About Me
I am a Research Lead at JPMorgan Chase & Co., working in the AI Research team. At JPM, my research focuses on deep generative models for time series data as part of the Synthetic Data initiative. I also explore robust uncertainty quantification for deep learning methods, with applications to time-series forecasting.
Recent News
05-01-2025: Our paper titled LSCD: Lomb-Scargle Conditioned Diffusion for Time series Imputation was accepted to ICML 2025!
04-30-2025: Our paper titled Mixup Regularization: A Probabilistic Perspective was accepted to UAI 2025!
04-06-2025: Our paper titled Fusion of Information in Multiple Particle Filtering in the Presence of Unknown Static Parameters was accepted to ICASSP 2025!

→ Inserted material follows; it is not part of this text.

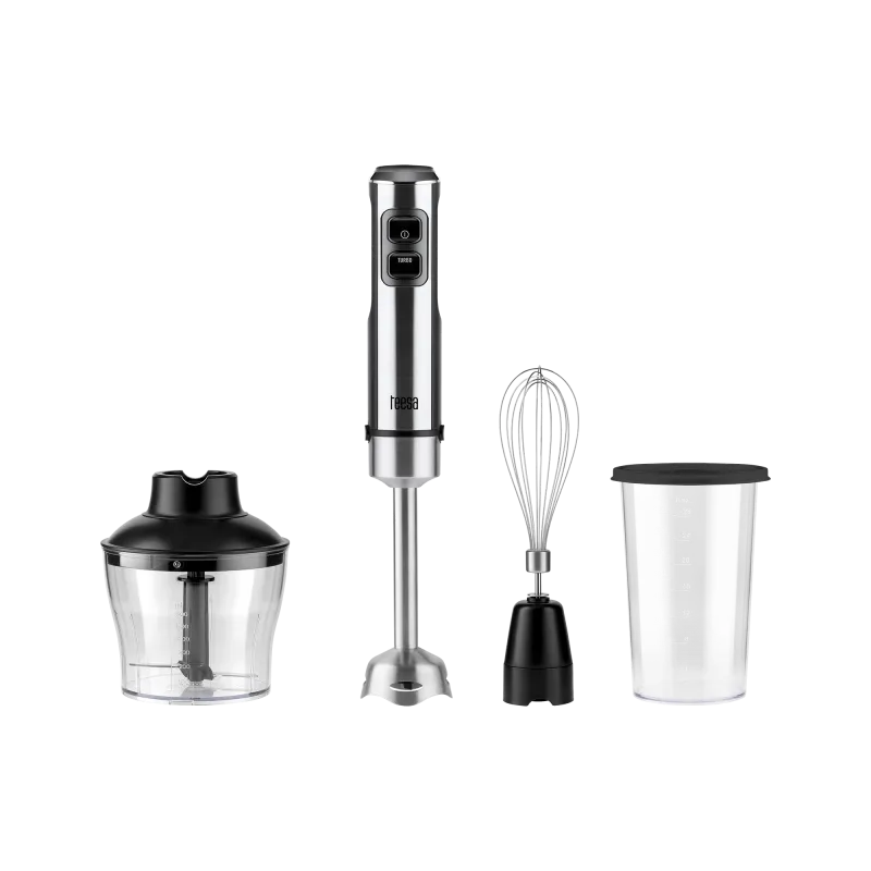 Teesa saumikser on seade, mis peaks olema igas köögis. Teesa TSA3507 mudel on komplekt, mis sisaldab lisaks klassikalisele segamistarvikule ka hakkijat ja visplit. Tänu sellele saad valmistada mitte ainult värskendavaid kokteile või tervislikke kreemsuppe, vaid ka hakkida köögivilju salati jaoks või vahustada koort magustoidu jaoks. Kasutage täielikult ära võimalused, mida Teesa blender teile annab – ja see suudab palju, sest see töötab võimsusega 1200 W!

03-13-2025: Our journal paper titled Variational Neural Stochastic Differential Equations with Change Points was accepted to TMLR!
Educational Background
Previously, I earned my Ph.D. in Electrical Engineering from Stony Brook University, where I was advised by Monica Bugallo and co-advised by Petar Djuric. My dissertation, titled “Bayesian Learning for Complex Systems under Model Uncertainty,” focused on developing Monte Carlo methods for Bayesian inference in high-dimensional probability models in the case of regime switching. The theoretical aspects of my work involved developing adaptive importance sampling based on stochastic optimization and reinforcement learning for scalable inference. The practical aspects involved applying the methodologies to ecological data, for which I collaborated with Heather Lynch from the Department of Ecology & Evolution at Stony Brook University on age-structured modeling of penguin population dynamics. During my time at Stony Brook, the Institute for Advance Computational Sciences supported my research and my interdisciplinary collaboration via the Junior Researcher award.
Teaching Activity
In my free time, I teach courses at my alma mater, Stony Brook University. Most recently, in Spring 2024, I taught the course “ESE 531: Statistical Learning and Inference,” which covers the foundations of mathematical statistics (both classical and Bayesian paradigms).